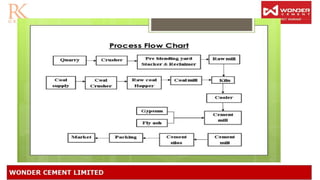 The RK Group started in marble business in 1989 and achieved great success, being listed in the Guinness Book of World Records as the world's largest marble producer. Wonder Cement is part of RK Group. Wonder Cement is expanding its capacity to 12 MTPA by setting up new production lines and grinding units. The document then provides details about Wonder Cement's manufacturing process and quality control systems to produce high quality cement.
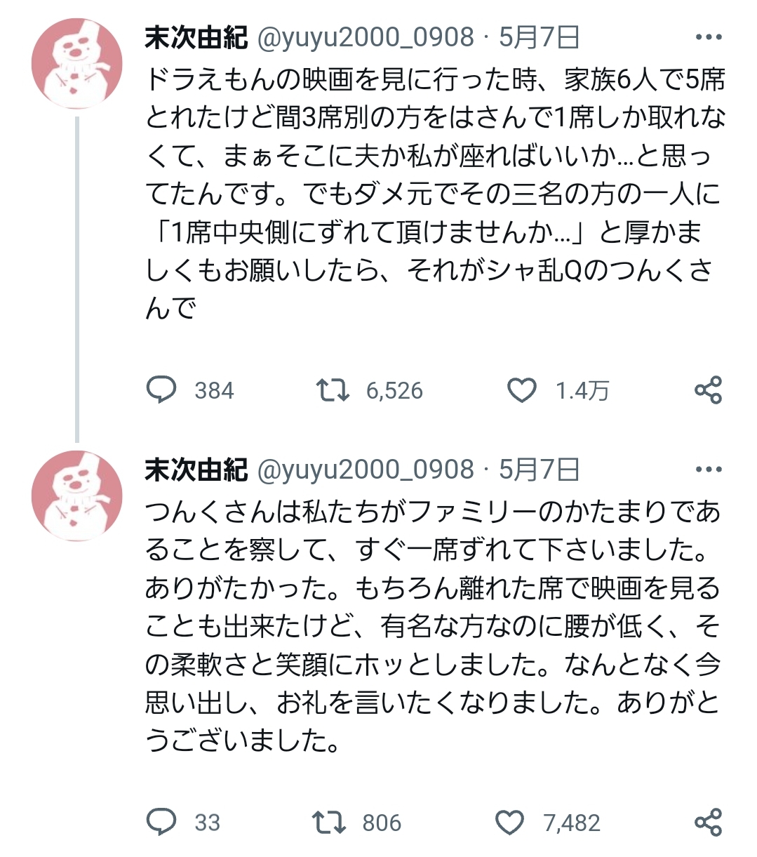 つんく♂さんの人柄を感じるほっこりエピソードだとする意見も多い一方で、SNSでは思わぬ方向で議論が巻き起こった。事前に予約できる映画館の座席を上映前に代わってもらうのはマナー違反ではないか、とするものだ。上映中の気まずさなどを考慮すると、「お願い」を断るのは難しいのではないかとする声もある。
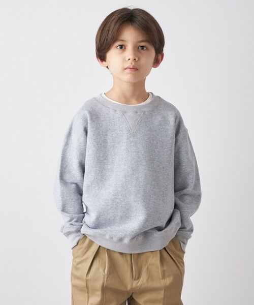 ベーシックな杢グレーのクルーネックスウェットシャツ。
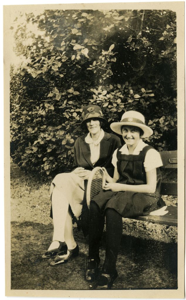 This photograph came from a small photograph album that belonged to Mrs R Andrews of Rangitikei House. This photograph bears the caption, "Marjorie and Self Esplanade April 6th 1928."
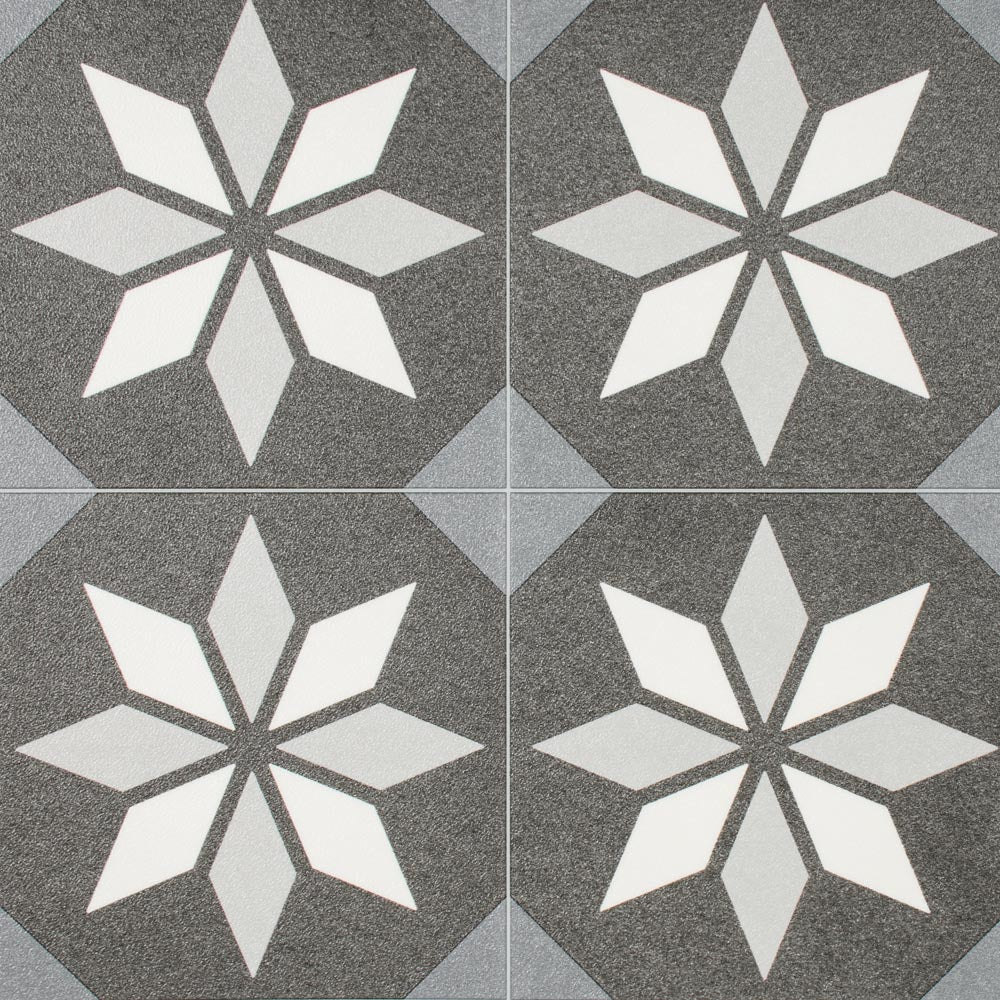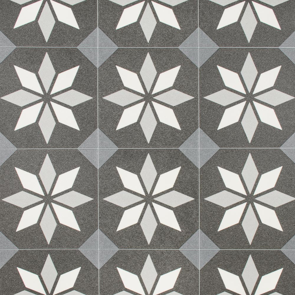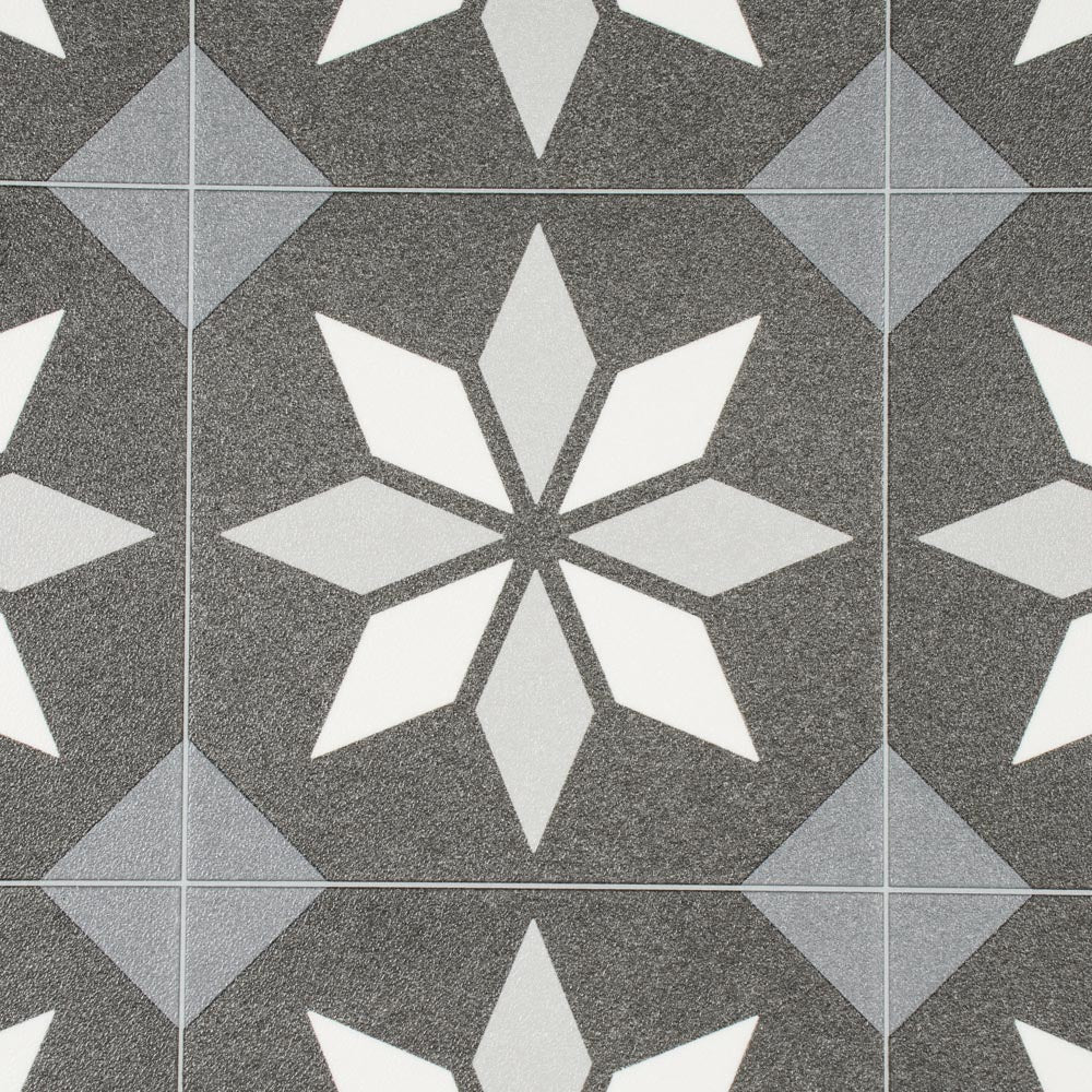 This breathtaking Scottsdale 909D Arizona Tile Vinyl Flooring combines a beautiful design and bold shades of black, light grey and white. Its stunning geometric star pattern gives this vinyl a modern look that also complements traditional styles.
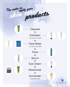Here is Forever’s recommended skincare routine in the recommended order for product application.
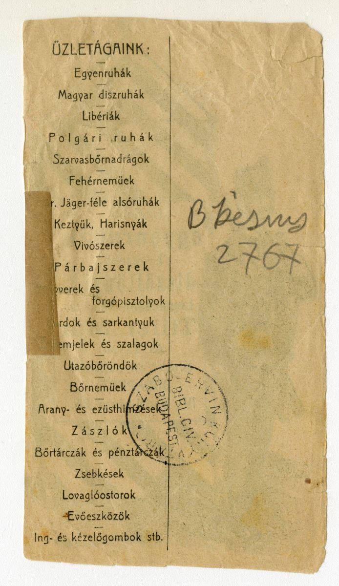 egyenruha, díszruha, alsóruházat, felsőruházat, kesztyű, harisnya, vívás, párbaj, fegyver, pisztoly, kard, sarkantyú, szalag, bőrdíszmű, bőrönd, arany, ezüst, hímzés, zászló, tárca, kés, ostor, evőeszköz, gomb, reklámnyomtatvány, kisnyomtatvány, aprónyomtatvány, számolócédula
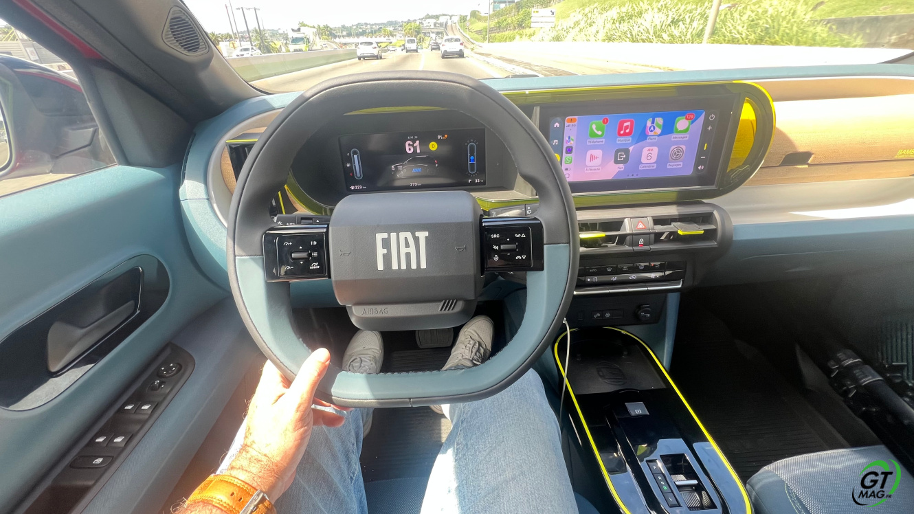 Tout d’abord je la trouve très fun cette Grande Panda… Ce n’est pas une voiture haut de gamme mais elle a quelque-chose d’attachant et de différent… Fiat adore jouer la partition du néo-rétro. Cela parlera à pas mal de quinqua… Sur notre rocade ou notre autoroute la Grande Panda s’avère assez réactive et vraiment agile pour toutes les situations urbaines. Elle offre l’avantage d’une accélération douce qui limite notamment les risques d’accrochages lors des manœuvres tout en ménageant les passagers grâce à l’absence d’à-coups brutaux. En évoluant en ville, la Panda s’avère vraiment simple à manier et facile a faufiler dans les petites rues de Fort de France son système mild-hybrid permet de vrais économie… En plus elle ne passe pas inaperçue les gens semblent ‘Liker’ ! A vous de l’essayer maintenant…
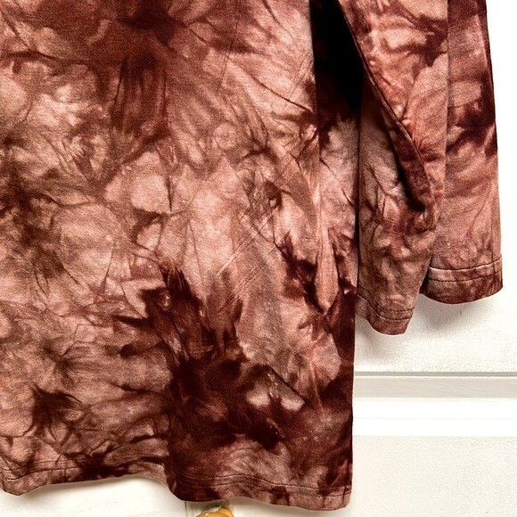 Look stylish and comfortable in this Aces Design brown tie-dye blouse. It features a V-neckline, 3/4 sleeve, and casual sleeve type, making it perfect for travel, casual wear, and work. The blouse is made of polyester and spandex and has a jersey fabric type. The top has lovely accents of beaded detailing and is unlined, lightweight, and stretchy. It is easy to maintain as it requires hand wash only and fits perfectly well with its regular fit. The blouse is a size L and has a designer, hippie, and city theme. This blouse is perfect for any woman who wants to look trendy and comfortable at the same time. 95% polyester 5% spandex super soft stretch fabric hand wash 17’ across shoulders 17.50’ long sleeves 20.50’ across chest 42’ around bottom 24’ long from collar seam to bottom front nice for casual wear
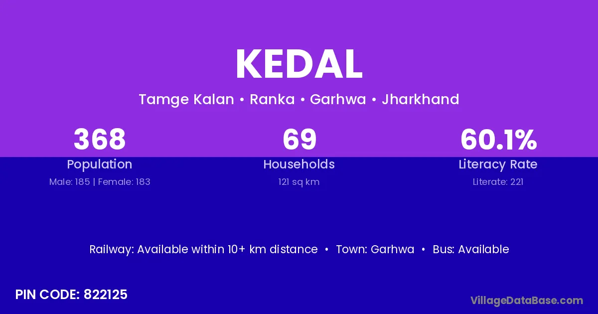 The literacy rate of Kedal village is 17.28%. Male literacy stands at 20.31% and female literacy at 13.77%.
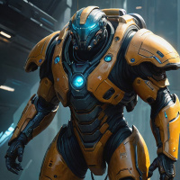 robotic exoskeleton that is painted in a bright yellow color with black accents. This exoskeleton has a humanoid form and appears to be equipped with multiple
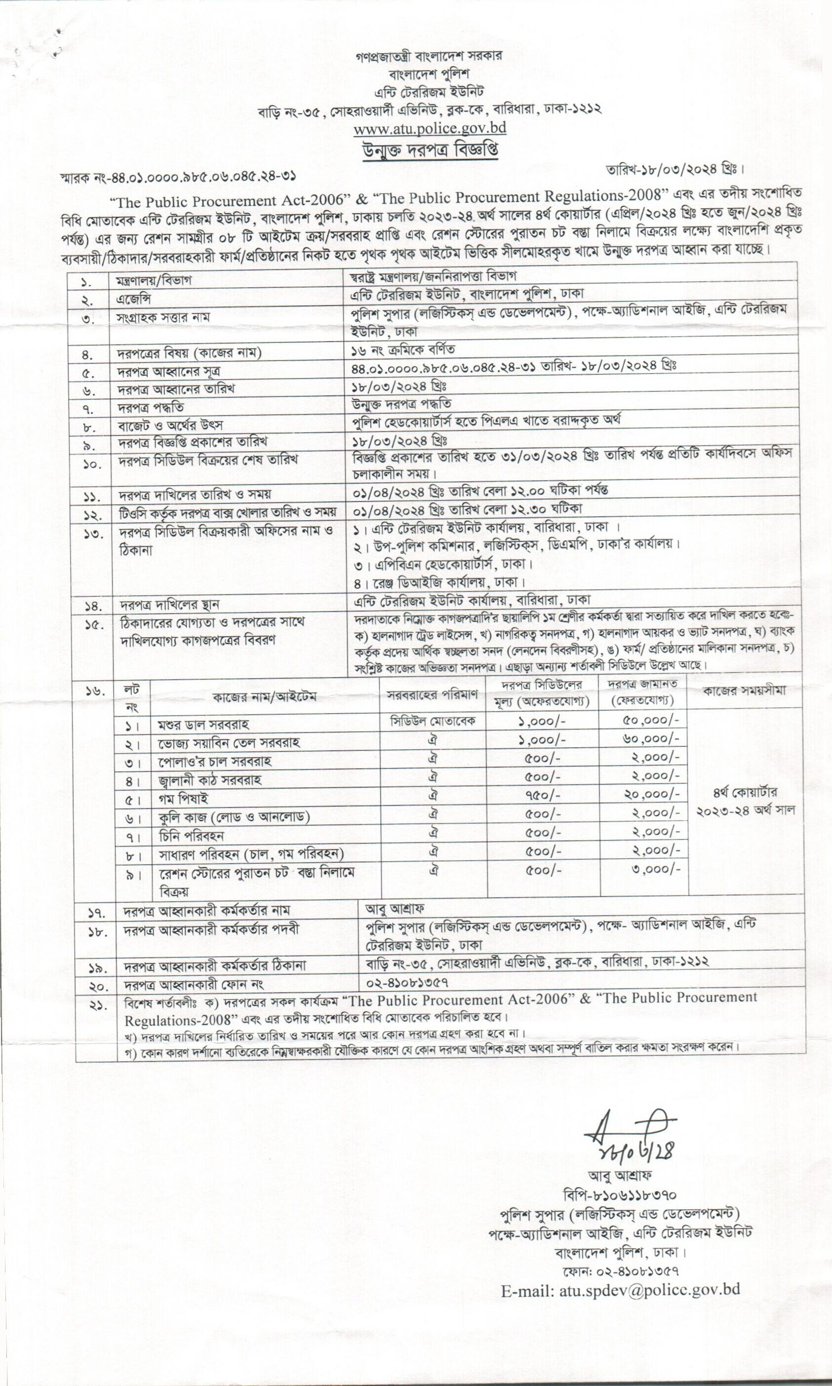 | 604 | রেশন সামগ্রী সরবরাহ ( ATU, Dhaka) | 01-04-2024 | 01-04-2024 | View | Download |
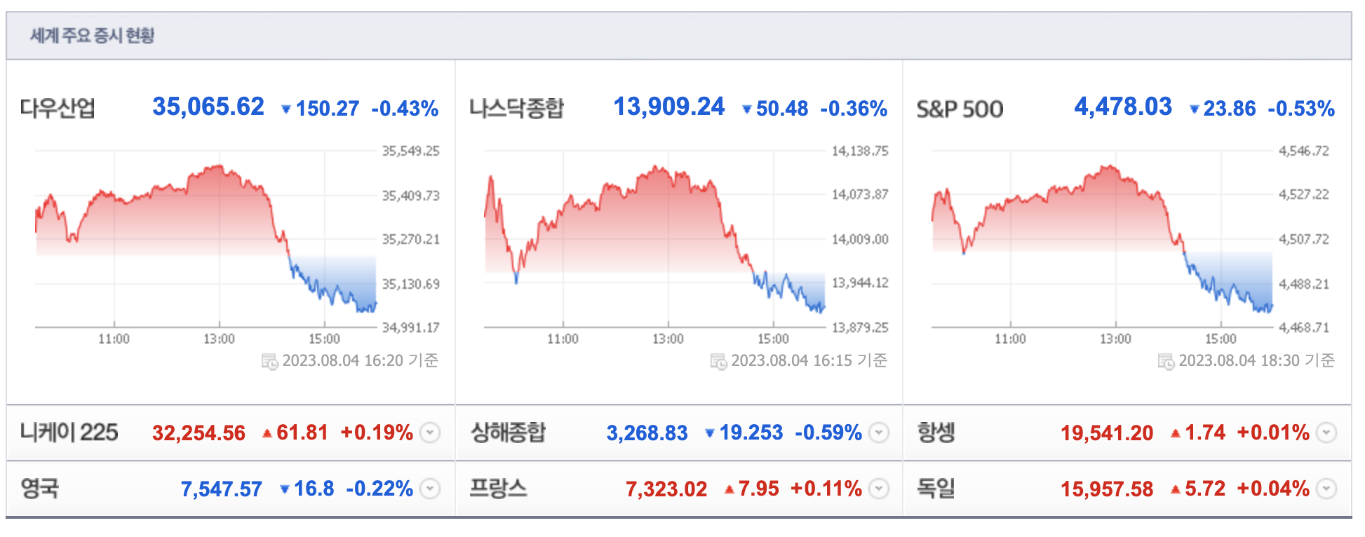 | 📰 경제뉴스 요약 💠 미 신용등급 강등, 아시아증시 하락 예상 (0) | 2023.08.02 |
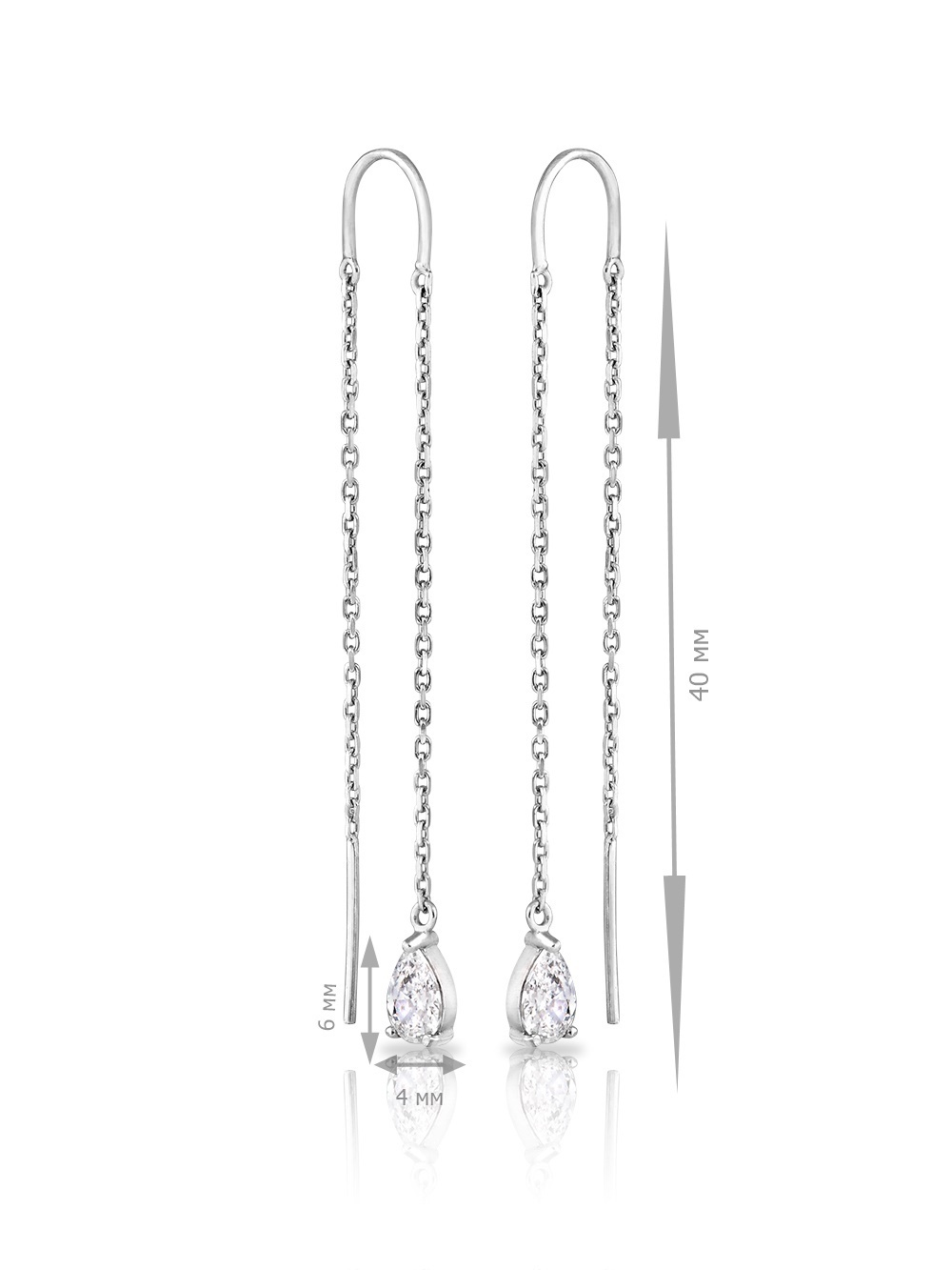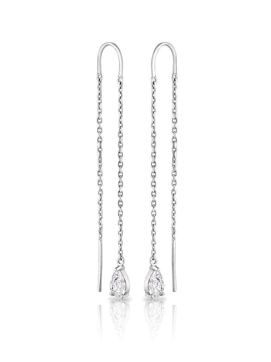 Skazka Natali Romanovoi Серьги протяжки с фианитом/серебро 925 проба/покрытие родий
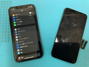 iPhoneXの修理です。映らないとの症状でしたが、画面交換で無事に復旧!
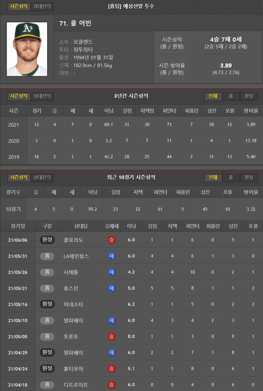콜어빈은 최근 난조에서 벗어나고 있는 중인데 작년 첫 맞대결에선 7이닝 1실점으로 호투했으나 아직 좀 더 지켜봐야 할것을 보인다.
____________________
How to complete this task: When you reach the line containing "The literacy rate" in the records above, write out that line and every line after it through the end, exactly, but omit the pictures.

Task solution:
 The literacy rate of Kedal village is 17.28%. Male literacy stands at 20.31% and female literacy at 13.77%.
 robotic exoskeleton that is painted in a bright yellow color with black accents. This exoskeleton has a humanoid form and appears to be equipped with multiple
 | 604 | রেশন সামগ্রী সরবরাহ ( ATU, Dhaka) | 01-04-2024 | 01-04-2024 | View | Download |
 | 📰 경제뉴스 요약 💠 미 신용등급 강등, 아시아증시 하락 예상 (0) | 2023.08.02 |
 Skazka Natali Romanovoi Серьги протяжки с фианитом/серебро 925 проба/покрытие родий
 iPhoneXの修理です。映らないとの症状でしたが、画面交換で無事に復旧!
콜어빈은 최근 난조에서 벗어나고 있는 중인데 작년 첫 맞대결에선 7이닝 1실점으로 호투했으나 아직 좀 더 지켜봐야 할것을 보인다.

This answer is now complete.